Performing for a team comprised of prospects from Minor League camp, Tyler Beede, San Francisco's No. 1 (21st overall) selection in last year's First-Year Player Draft, pitched a scoreless second inning. Second baseman Austin Slater, an eighth-round pick, belted an opposite-field, fourth-inning homer off Giants starter Yusmeiro Petit. Those were among the highlights in a 2-2, nine-inning tie at Scottsdale Stadium between "The Future Giants," as Beede, Slater and their mates were dubbed, and a San Francisco split-squad.

"It gives you a vision of what's going to happen in the future," said Beede, articulating the afternoon's theme.

Employing a lineup that included projected regulars Nori Aoki, Joe Panik, Angel Pagan, Brandon Belt and Brandon Crawford, as well as veterans Hector Sanchez and Joaquin Arias, the mostly big league Giants mustered five hits, including three through eight innings. The Futures frequently changed looks against the Giants by using a different pitcher in each inning, while blanking San Francisco for six innings.

Slater homers to right

Part of that group was Beede, the right-hander from Vanderbilt University, who is ranked as the Giants' No. 4 prospect by He initially looked shaky, as Belt lined out to right field, Crawford scorched a single and Sanchez walked. Beede quickly righted himself by retiring Arias and Gary Brown on popups.

"It was a really, really cool experience," said Beede, 21. "Once you hear over the sound system who's coming to the plate, [you think of] the careers that they've had, obviously [including the] World Series and such. It's an honor to face those guys. At the same time, you have to compete, and you want to compete against those guys and show them what you have."

As is the case with most young pitchers, Beede has been striving to gain consistency with his mechanics, daily routine and preparation -- "so that when I go out there, everything's the same, and I can control what I need to control," he said.

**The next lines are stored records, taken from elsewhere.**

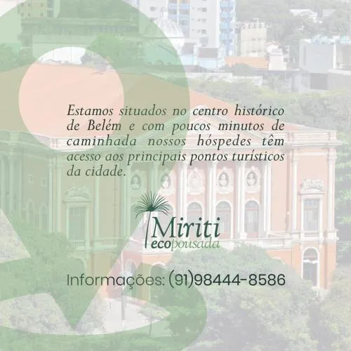 Ecopousada Miritillä on erinomainen ja rauhallinen sijainti Belémissä, ja sitä kiitetään sen saavutettavuudesta historiallisiin kohteisiin, nähtävyyksiin ja mukavuuksiin, kuten Teatro da Paziin ja Tasavallan aukiolle. Majatalon seesteinen ympäristö ja miellyttävä puutarha-alue lisäävät sen rentouttavaa tunnelmaa, mikä tekee siitä edullisen ja kätevän tukikohdan matkailijoille.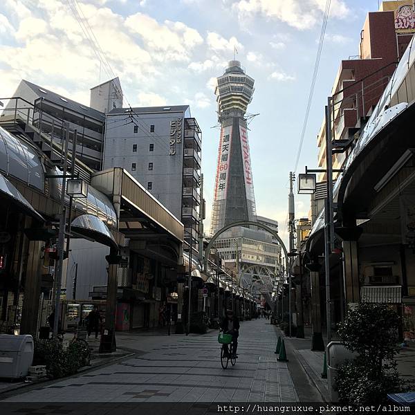 從另一個角度再看一下通天閣,現在大概8點,商街都還沒開門喔。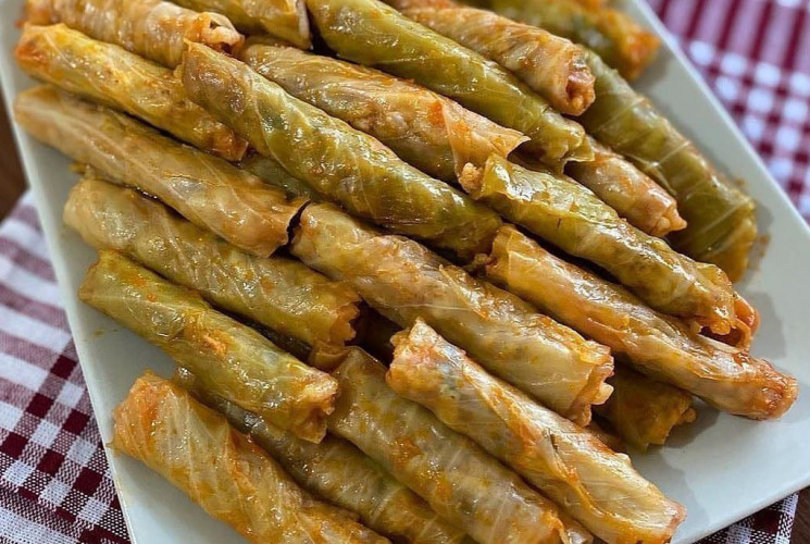 Yapılışı: Kıymalı harç için,bütün malzemeleri bir araya getirin ve güzelce yoğurun.Bu noktada daha yumuşak bir iç olmasını isterseniz içine 2-3 yemek kaşığı su ilave edebilirsiniz. Lahanayı görseldeki gibi kesin ve kaynayan tuzlu suyun içine atarak yaklaşık beş dakika kaynatın. Süzgeçte fazla suyunu süzdürdüğünüz lahana yaprakları artık sarılmak için hazır. Yaprağın içine harcı alıp sıkı sıkı sarın. Tencerenizin zeminini kullanmadığınız lahana yaprakları ile kaplayın ki lahananız dip tutmasın. Sarmış olduğunuz tüm lahanaları sırt sırta dizin . Ayrı bır sos tenceresinde 2 yemek kaşığı sıvıyağ ile bir yemek kaşığı salçayı kavurun. Bir miktar su ile açın ,içine tuz ve çay kaşığının ucuyla şeker ekleyin ve lahanaların üzerine dökün. Kapağını kapatarak kısık ateşte sarmalarınızı pişirin.

Having relied on a four-seam fastball, a changeup and a curveball in college, Beede has added a sinking fastball and a slider to his repertoire, the better to keep his deliveries low.

Petit, who lasted five innings, long ago gained the steadiness that Beede seeks. But Petit wasn't precise enough, as the right-handed-hitting Slater sliced the first pitch he saw over the right-field barrier to open the scoring.

Less than a year removed from Stanford University, Slater sounded like a seasoned pro: "Against a guy like Petit, he has a great cutter. So I was thinking of going the other way the entire day," said Slater, who hit a combined .346 last year for both of San Francisco's Rookie-level affiliates. "He left one up on me."

Slater, 22, couldn't hide his enthusiasm. "It was a dream come true to play against those guys on the other side of the field," he said. "I wasn't really expecting that, getting drafted last year. Very cool. [I'm] thankful."